Hallo erstmal.
Ich bin 20 Jahre alt und wohne seit ca. 2 Jahren alleine. Seitdem entwickle ich irgendwie immer neue und immer mehr Ängste. Ich hatte schon oft mit Depressionen und Borderline-ähnlichen Symptomen zu kämpfen, aber die Angststörungen sind größtenteils neu. Dabei ist im Moment eigentlich alles gut, ich habe keine Depressionen oder Sonstiges.
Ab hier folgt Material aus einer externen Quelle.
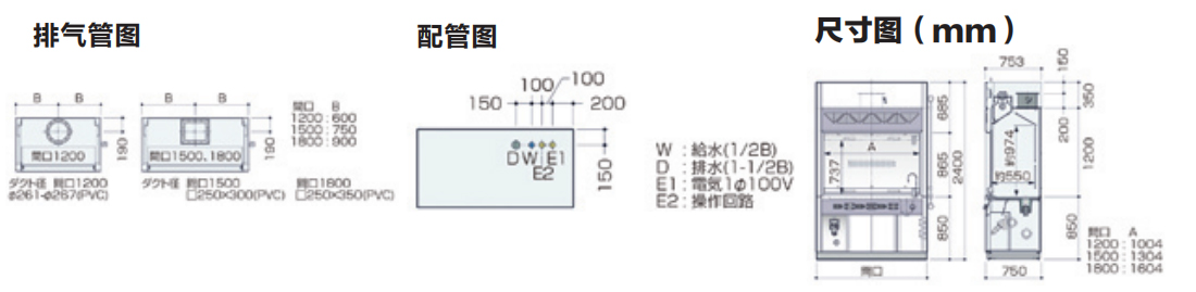 三相動力回路(僅操作回路在通風(fēng)柜上): 耐壓防爆型操作開關(guān) d2G4 耐壓防爆型指示燈 d2G4 接線盒 d2G4 單相回路: 耐壓防爆型熒光燈 Exdes Ⅱ CT5 耐壓防爆型撥動式開關(guān) d2G4 耐壓防爆型插座 d2G4 接線盒 d2G4 |
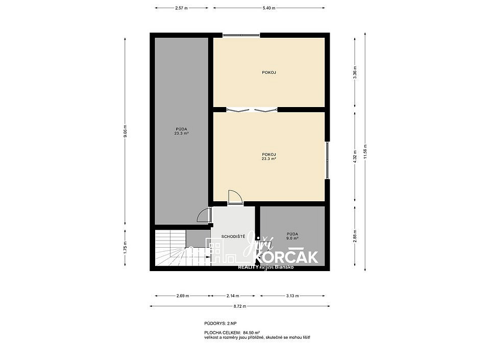 Budova je zděná, částečně podsklepená a nabízí obývací pokoj s ložnicí a kuchyní v přízemí a dva prostorné pokoje se dvěma půdami v podkroví.
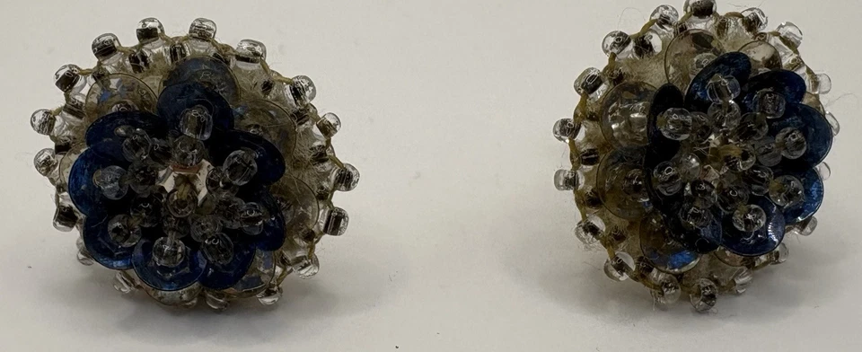 1950s Blue Beaded Flower Clip-On Earrings - Retro Costume Jewelry Sparkle
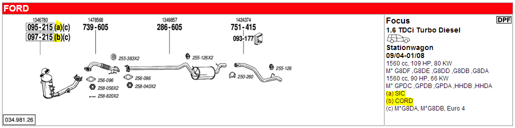 Rozdíl mezi DPF 095-215 a 097-215 od Bosalu je materiál filtru. Dražší 095-215 je vyrobený z karbidu křemíku (SiC) a díky lepší tepelné odolnosti má vyšší životnost. Levnější 097-215 je vyrobený z kordieritu, který je teplotně odolný do 1430 °C.
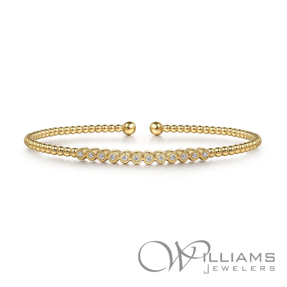 Gabriel & Co. 14 Karat Yellow Gold Bujukan Bead Diamond Bangle with .14 Carat Total Weight Round J Color, SI2 Clarity Diamonds, Size 6. Serial# S2199735
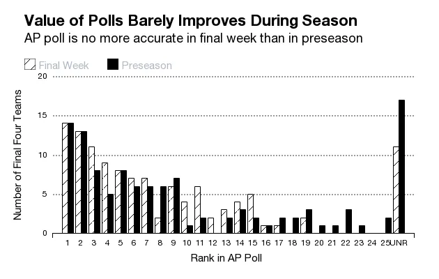 这些投票可能很有趣,让球迷感受到谁在上升或下降,但它们对预测并没有太大帮助。在许多年里,赛季前的投票在预测最终四强方面比赛季最后一周的投票更准确。这表明,投票者往往在年初就判断正确,依赖于对人才水平的粗略感觉,而不是大量实际比赛结果。即使任何给定的球队在赛季中输掉比赛,到了三月排名下降,也许内在的天赋在锦标赛中重新显现,并帮助推动一波胜利。
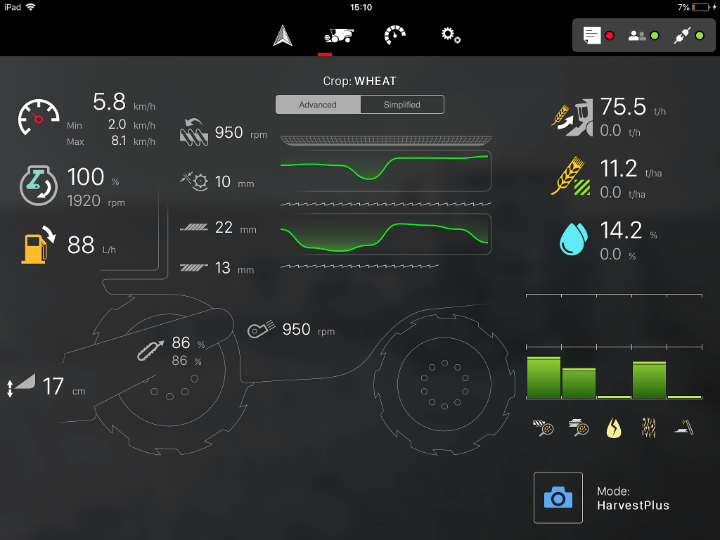 The HarvestPlus system automatically controls forward speed (according to an acceptable loss setting) using signals from MAD sensors in the threshing and separation areas.
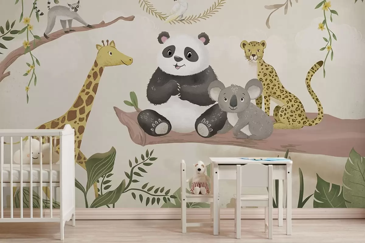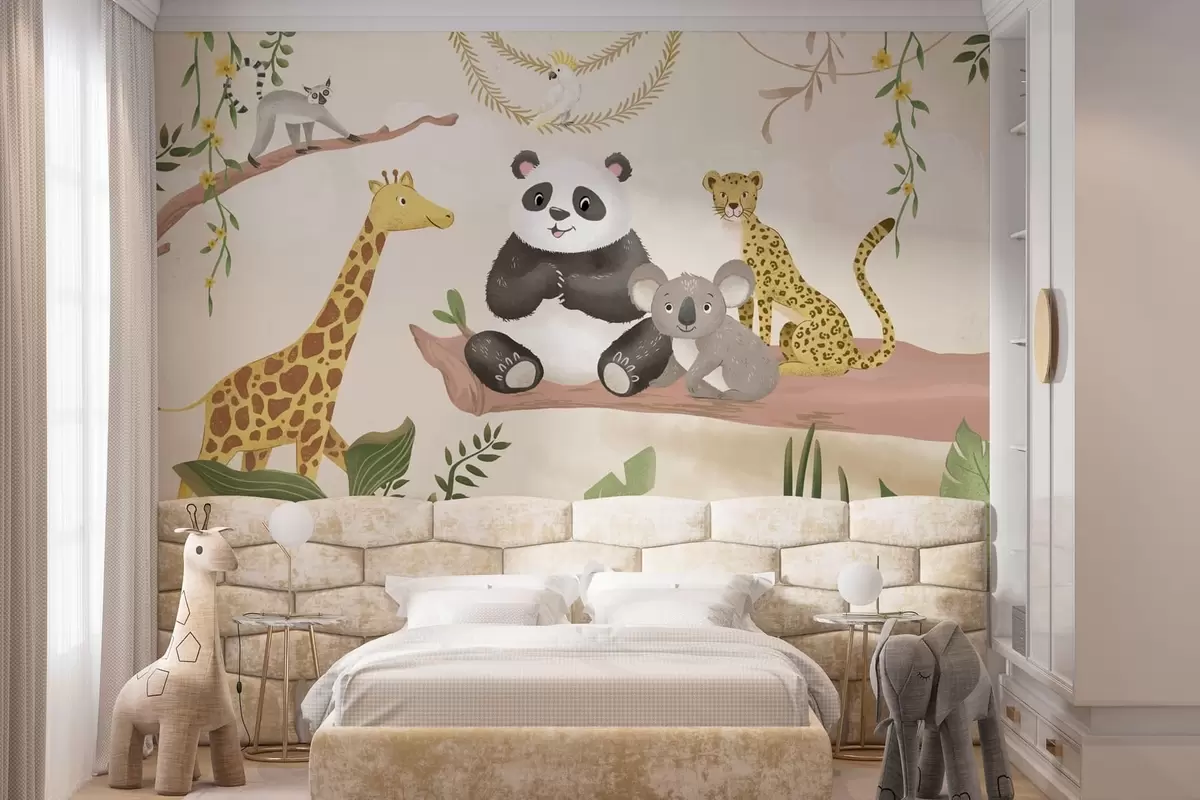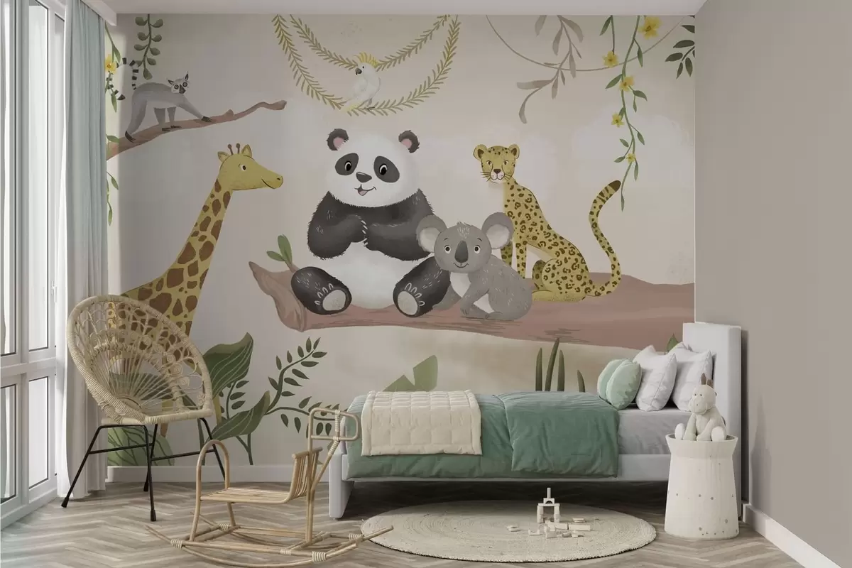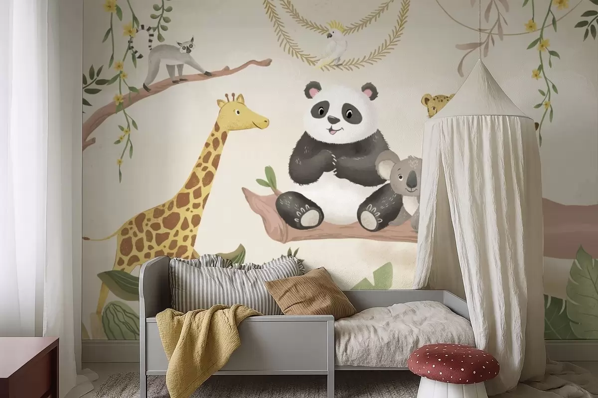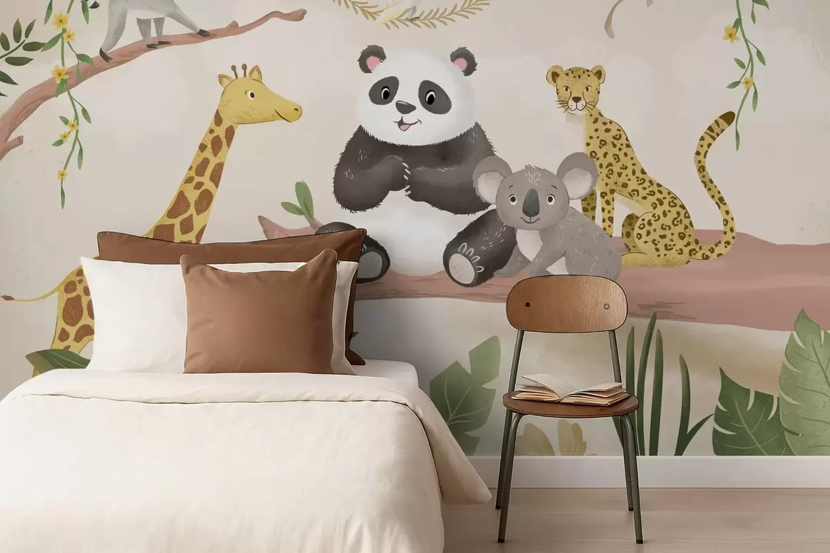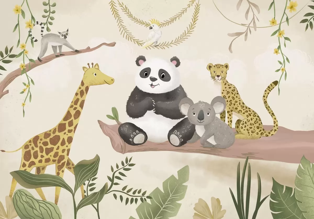 Fotomurales Simpáticos animales de la selva en una rama entre las plantas Nr. w05393
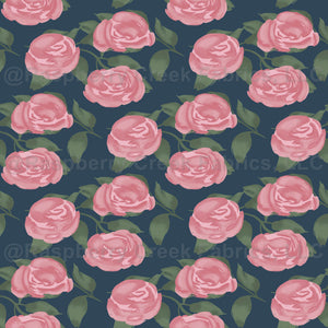 Textural hand painted pink rose garden with light pink roses and deep blue background
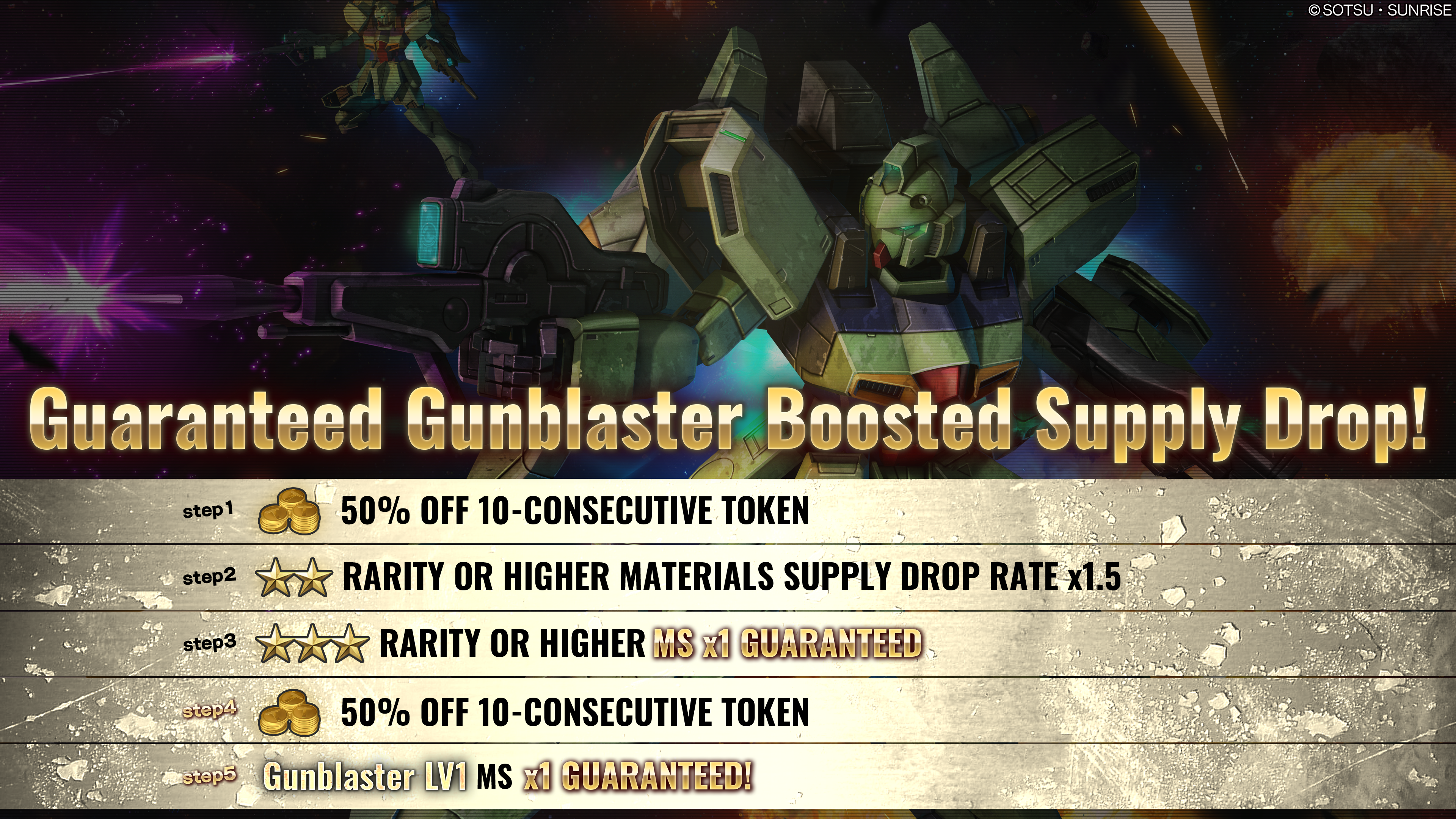 - ・STEP5 (30 Tokens): Gunblaster LV1 x1 guaranteed!

Nur immer diese Ängste, die sich in betreffenden Situationen in Nervosität und einer starken inneren Unruhe äußern.
Ich könnte unzählige Beispiele nennen, hier einige davon:
- Aufzüge, oder Räume in denen die eventuelle Gefahr bestehen könnte, eingeschlossen zu werden.
- Verfolgungsangst - denke dauernd daran, dass mich jemand verfolgen, ausspionieren oder gar töten könnte. Ich durchsuche jedes Mal, wenn ich Abends nach Hause komme, meine Wohnung, erst wenn ich sicher bin, dass ich allein bin, ist alles ok.
- Tod generell... es KÖNNTE ja sein, dass ich morgen sterbe... dann mache ich mir Gedanken darüber, wie und wann ich sterbe und was danach kommt und es macht mich jedes Mal wahnsinnig.
- Habe unglaubliche Angst, mich irgendwie in der Öffentlichkeit zu blamieren.
- Über meine Gesundheit mache ich mir auch andauernd Sorgen. Was, wenn ich irgendwas Schlimmes habe - Krebs, HIV, irgendwas mit dem Herzen - aber zum Arzt zu gehen, traue ich mich genauso wenig.
Das alles und noch unzählige andere Gedanken machen mir echt das Leben schwer. Teilweise fühle ich mich in ganz normalen Alltagssituationen total bedrückt, obwohl ich denke 'Hey, alles ist cool, du solltest eigentlich glücklich sein' und dann muss ich erstmal überlegen, welcher Gedanke mich da gerade wieder im Unterbewusstsein quält und mich irgendwie beruhigen...
Ich wollte schon lange mal einen Termin beim Psychologen machen... wenn da nicht eben auch diese Angst vor Ärzten wäre.